■ INFORMATION PROVIDED ■
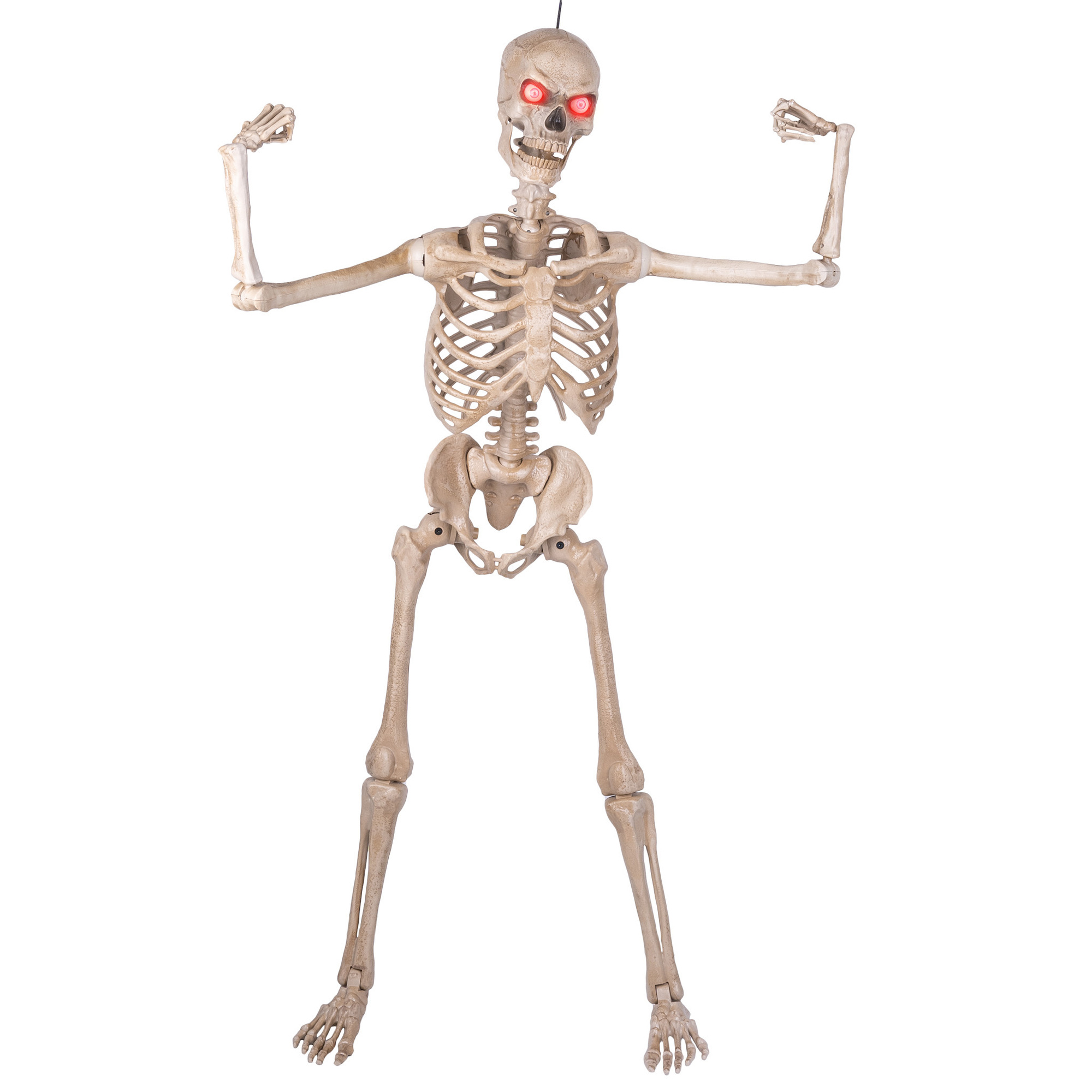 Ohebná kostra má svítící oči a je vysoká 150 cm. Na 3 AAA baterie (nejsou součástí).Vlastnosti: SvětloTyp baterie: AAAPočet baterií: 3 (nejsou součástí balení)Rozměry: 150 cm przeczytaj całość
---
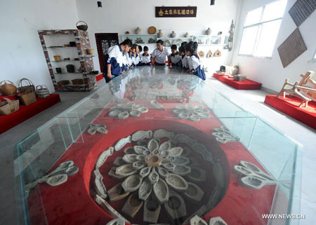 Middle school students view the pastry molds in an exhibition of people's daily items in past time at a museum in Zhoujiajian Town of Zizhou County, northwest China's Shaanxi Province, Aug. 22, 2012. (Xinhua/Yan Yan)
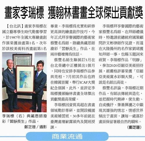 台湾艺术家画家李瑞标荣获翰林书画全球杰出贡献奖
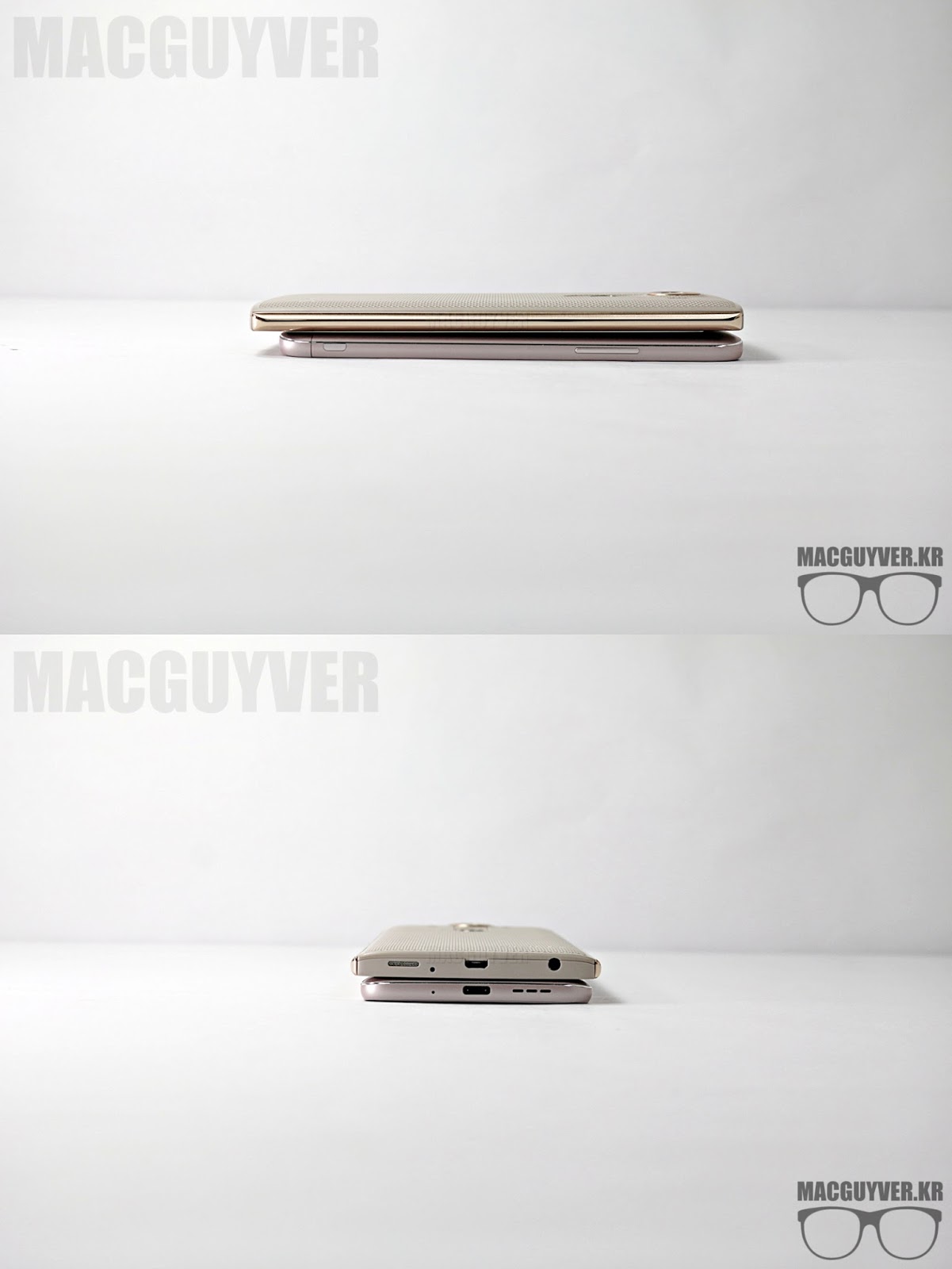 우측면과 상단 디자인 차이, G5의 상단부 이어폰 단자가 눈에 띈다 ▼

■ TO DO ■
Copy needed, without pictures: the lines of the listing above from the line containing "Middle school students" up to and including the line containing "우측면과 상단 디자인 차이, G5의 상단부 이어폰 단자가 눈에 띈다 ▼", set down exactly.

■ WORKED SOLUTION ■
 Middle school students view the pastry molds in an exhibition of people's daily items in past time at a museum in Zhoujiajian Town of Zizhou County, northwest China's Shaanxi Province, Aug. 22, 2012. (Xinhua/Yan Yan)
 台湾艺术家画家李瑞标荣获翰林书画全球杰出贡献奖
 우측면과 상단 디자인 차이, G5의 상단부 이어폰 단자가 눈에 띈다 ▼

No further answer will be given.